As with any tool, it's important to understand when Hadoop is a good fit for the problem in question. The architecture choices made within Hadoop enable it to be the flexible and scalable data processing platform it is today. But, as with most architecture or design choices, there are consequences that must be understood. Primary amongst these is the fact that Hadoop is a batch processing system. When you execute a job across a large data set, the framework will churn away until the final results are ready. With a large cluster, answers across even huge data sets can be generated relatively quickly, but the fact remains that the answers are not generated fast enough to service impatient users. Consequently, Hadoop alone is not well suited to low-latency queries such as those received on a website, a real-time system, or a similar problem domain.
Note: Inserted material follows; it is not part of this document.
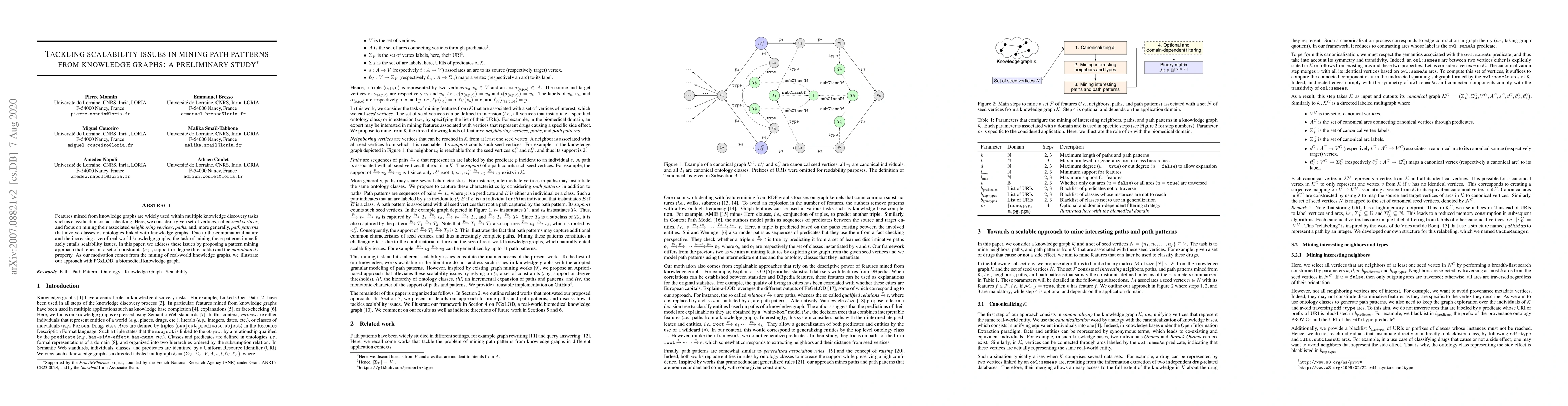 This paper proposes a scalable approach to mine path patterns from knowledge graphs using constraints and monotonicity properties to address the combinatorial complexity inherent in large datasets. The method is demonstrated using PGxLOD, a biomedical knowledge graph.
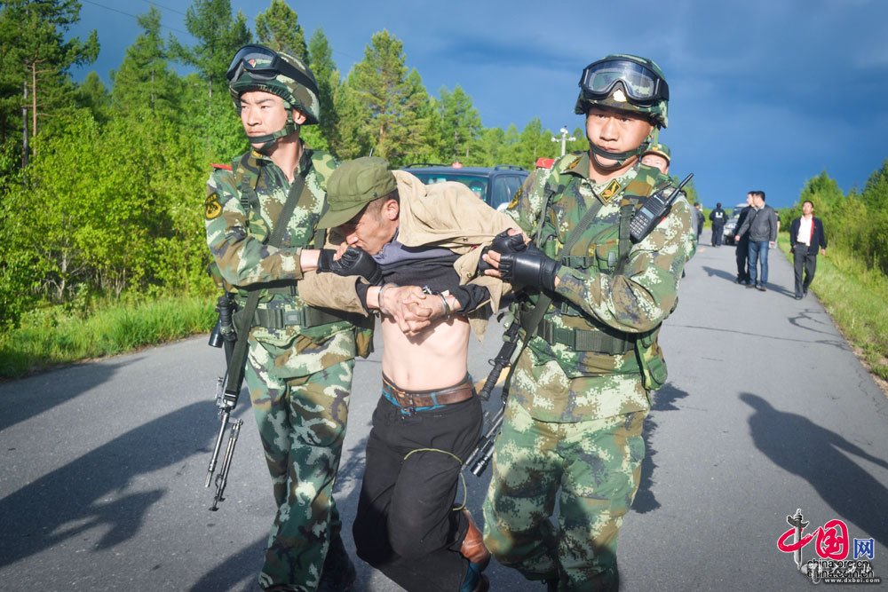 2013年6月8日早上八点,距离漠河县城90公里外的阿木尔林业局发生了一起持枪杀人案。县公安局请求武警中队支援,中队接到指令后,立即采取兵分三路的战法。排长朱军飞带领一组沿江布控,一班班长白海波带领二组把守沿途公路,指导员伍逢成带领防爆小分队沿逃跑方向实施追捕,成功将犯罪嫌疑人抓获。(漠河县中队供图)

When Hadoop is running jobs on large data sets, the overhead of setting up the job, determining which tasks are run on each node, and all the other housekeeping activities that are required is a trivial part of the overall execution time. But, for jobs on small data sets, there is an execution overhead that means even simple MapReduce jobs may take a minimum of 10 seconds.
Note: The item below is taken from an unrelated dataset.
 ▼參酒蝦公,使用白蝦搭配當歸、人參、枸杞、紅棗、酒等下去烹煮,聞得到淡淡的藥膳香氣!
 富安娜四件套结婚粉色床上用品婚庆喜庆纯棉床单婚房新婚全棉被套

But haven't Google and Yahoo both been among the strongest proponents of this method of computation, and aren't they all about such websites where response time is critical? The answer is yes, and it highlights an important aspect of how to incorporate Hadoop into any organization or activity or use it in conjunction with other technologies in a way that exploits the strengths of each. In a paper,(http://research.google.com/archive/googlecluster.html) ,Google sketches how they utilized MapReduce at the time; after a web crawler retrieved updated webpage data, MapReduce processed the huge data set, and from this, produced the web index that a fleet of MySQL servers used to service end-user search requests.
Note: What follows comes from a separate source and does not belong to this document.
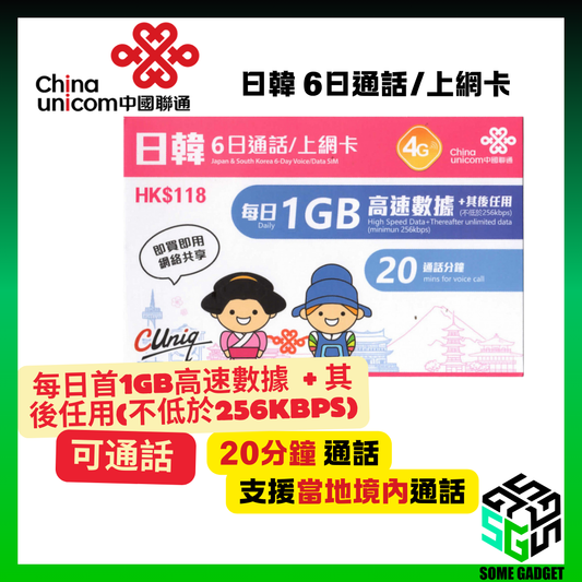 China Unicom 4G/3G Japan and South Korea 6-day call/internet card (unlimited Internet access + 20 minutes of calls), first 1GB of high-speed data per day
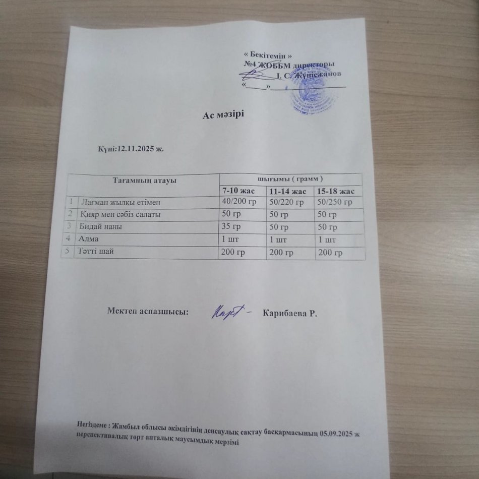 12 ноябрь 2025 0 1 2 3 4 5 Ыстық тамақ Бастауыш 1-4 сынып оқушылары мен жекелеген санаттағы оқушылар тегін және жеңілдетілген тамақпен қамтылып отыр. Сәрсенбі 12 қараша күнгі ас мәзірі : лагман жылқы етімен, қияр мен сәбіз салаты, бидай наны, алма, тәтті шәй.

The most common deployment model for Hadoop sees the HDFS and MapReduce clusters deployed on the same set of servers. Each host that contains data and the HDFS component to manage it also hosts a MapReduce component that can schedule and execute data processing. When a job is submitted to Hadoop, it can use an optimization process as much as possible to schedule data on the hosts where the data resides, minimizing network traffic and maximizing performance. A part of the challenge with Hadoop is in breaking down the overall problem into the best combination of map and reduces functions.